* [TASK REQUIREMENTS]: Transcribe the listing exactly, so that nothing but the pictures is missing.

** GIVEN MATERIAL follows **

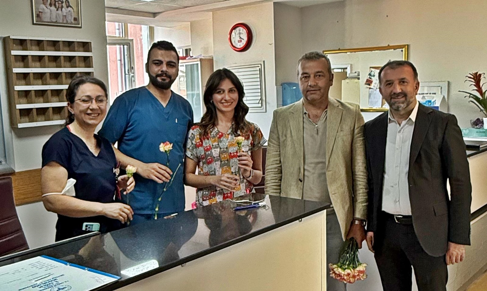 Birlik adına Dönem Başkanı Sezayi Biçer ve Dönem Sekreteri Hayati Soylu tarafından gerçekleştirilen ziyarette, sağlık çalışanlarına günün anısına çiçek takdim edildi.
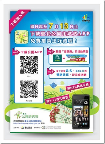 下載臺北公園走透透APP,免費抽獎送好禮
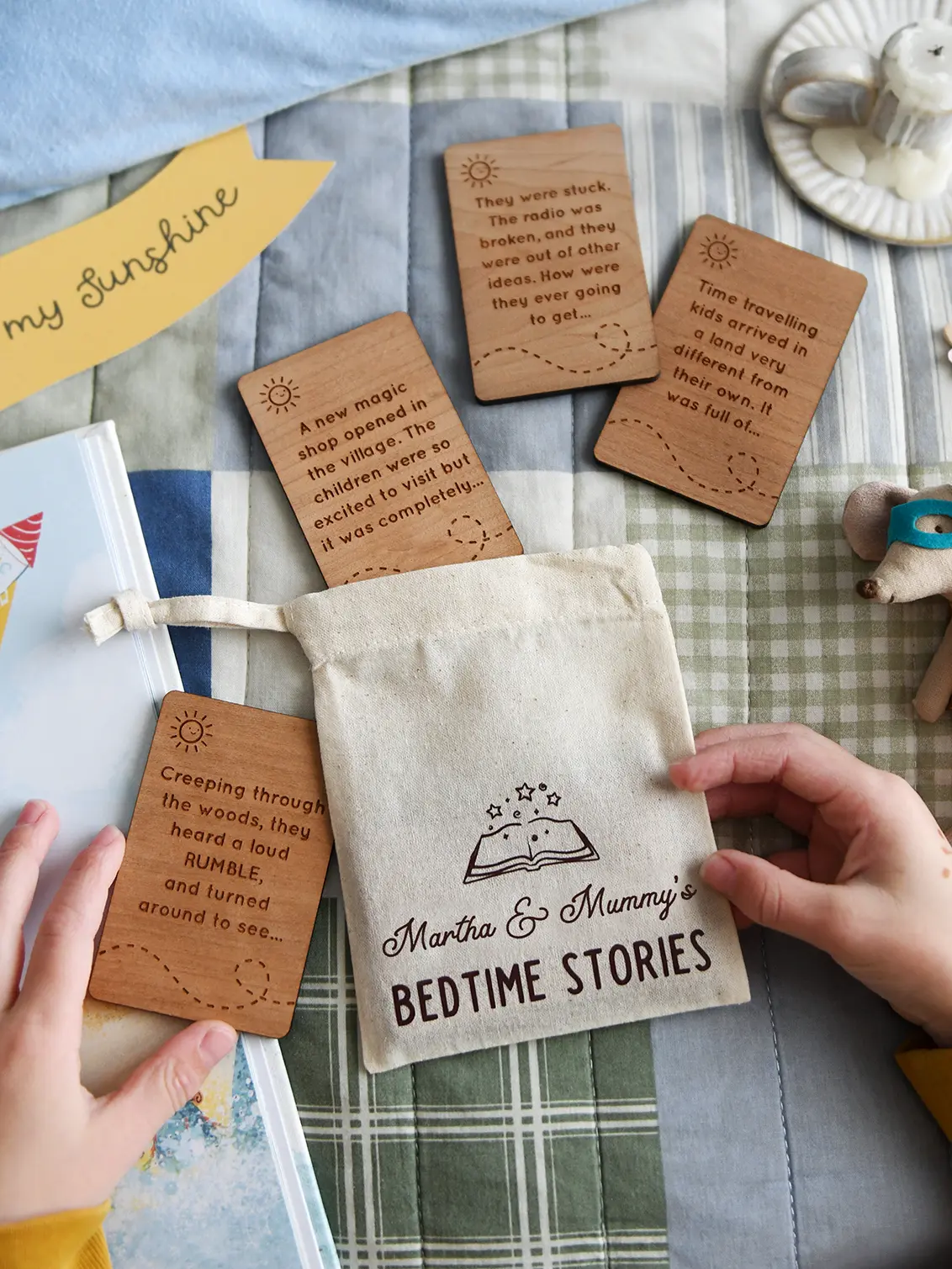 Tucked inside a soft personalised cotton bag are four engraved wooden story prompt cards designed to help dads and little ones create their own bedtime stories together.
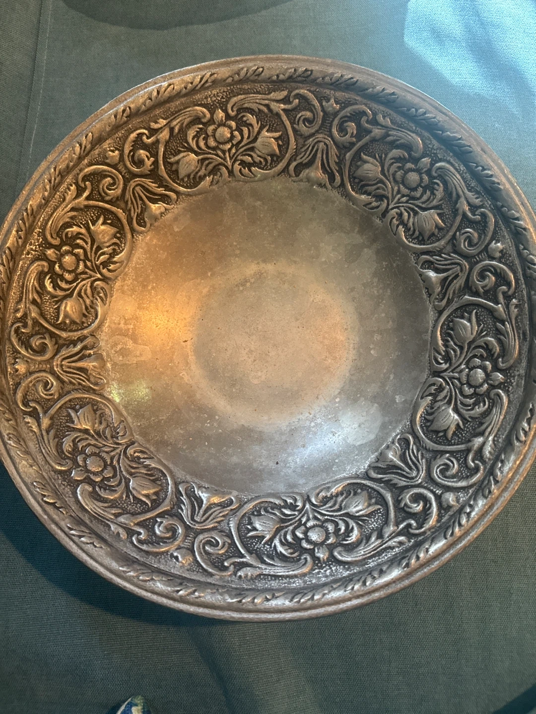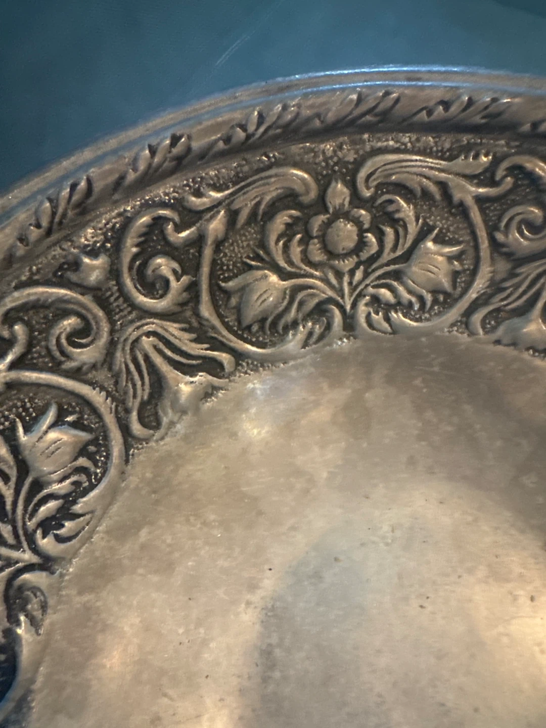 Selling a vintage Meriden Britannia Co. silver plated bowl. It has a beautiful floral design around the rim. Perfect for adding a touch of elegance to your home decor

** End of GIVEN MATERIAL **

* [WORKED SOLUTION]:
 Birlik adına Dönem Başkanı Sezayi Biçer ve Dönem Sekreteri Hayati Soylu tarafından gerçekleştirilen ziyarette, sağlık çalışanlarına günün anısına çiçek takdim edildi.
 下載臺北公園走透透APP,免費抽獎送好禮
 Tucked inside a soft personalised cotton bag are four engraved wooden story prompt cards designed to help dads and little ones create their own bedtime stories together.
 Selling a vintage Meriden Britannia Co. silver plated bowl. It has a beautiful floral design around the rim. Perfect for adding a touch of elegance to your home decor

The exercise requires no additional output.